Since Appalachian State is a publicly-funding institution, I am going to make my extreme displeasure known to my legislative representatives. I expect nothing less than a full retraction, public apology and discipline of the authors.
6 comments:
They must have a pretty low standard for granting tenure to begin with:
"Since Appalachian State is a publicly-funding [sic] institution..."
Or, perhaps unlike most State Universities, they fund the public rather than the other way around.
Fair enough, but now please explain what emeritus is for. Recent events in Boulder are really making me wonder.
Actually I'm reminded of a James Bond movie scene where the hero escapes across an alligator-infested moat by rapidly jumping from alligator head to alligator head. Something similar seems to be happening in Boulder, except it involves sharks.
Promoting a professor to Emeritus status is kinda like putting a cow out to pasture after they have passed their useful (milk-producing) years.
Or is this what tenure is for?
It appears that Roger Pielke, Sr believes there is a vast NOAA conspiracy to keep the station data from himself and those on the Hackey Team.
Based on my understanding of federal privacy law, NOAA's stance is correct. That many or even most of the volunteer observers might not care about being contacted is beside the point. Roger and the Frauditors (think of them as the scientific equivalent of the Sex Pistols doing John Cage, with Roger on prepared piano) also don't want to understand that access to the station location information will lead a persistent person to that station's volunteer observer(s).
This reminds me a lot of Cold Fusion (but in reverse, of course).
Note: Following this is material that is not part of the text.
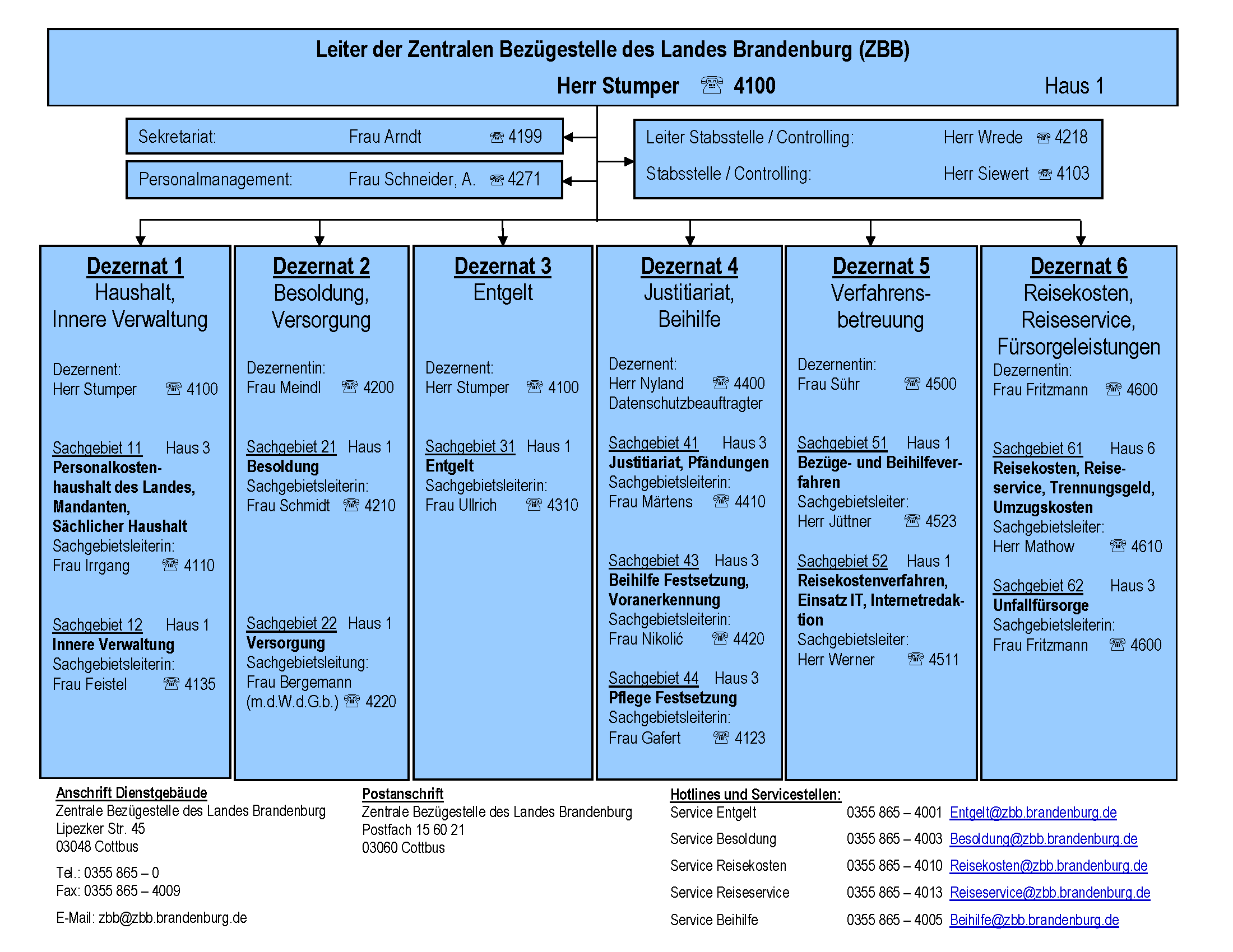 Die Zentrale Bezügestelle des Landes Brandenburg (ZBB) ist eine Einrichtung des Landes im Geschäftsbereich des Ministeriums der Finanzen und Europa. Der ZBB als größtem Personaldienstleister des Landes obliegt insbesondere:

In both cases, the vast majority of scientists weigh in on one side, but you nonetheless have this small group of "revolutionaries" who claim to have overturned the conventional thinking.
Years after the scientific community had long since debunked Cold Fusion, there remained hold outs who insisted that there was something to it.
They continued to do their amateurish "basement experiments" and to insist that they were "onto something" that no one else had noticed.
They also insisted that the mainstream scientific community had conspired against them to keep them from getting a fair hearing -- ie, to keep their findings out of peer-reviewed journals, prevent them from attending scientific conferences, etc.
Cold Fusion seems to have died a quiet death. I don't know for sure, but I presume that it's now buried in an unmarked grave somewhere in the Utah desert.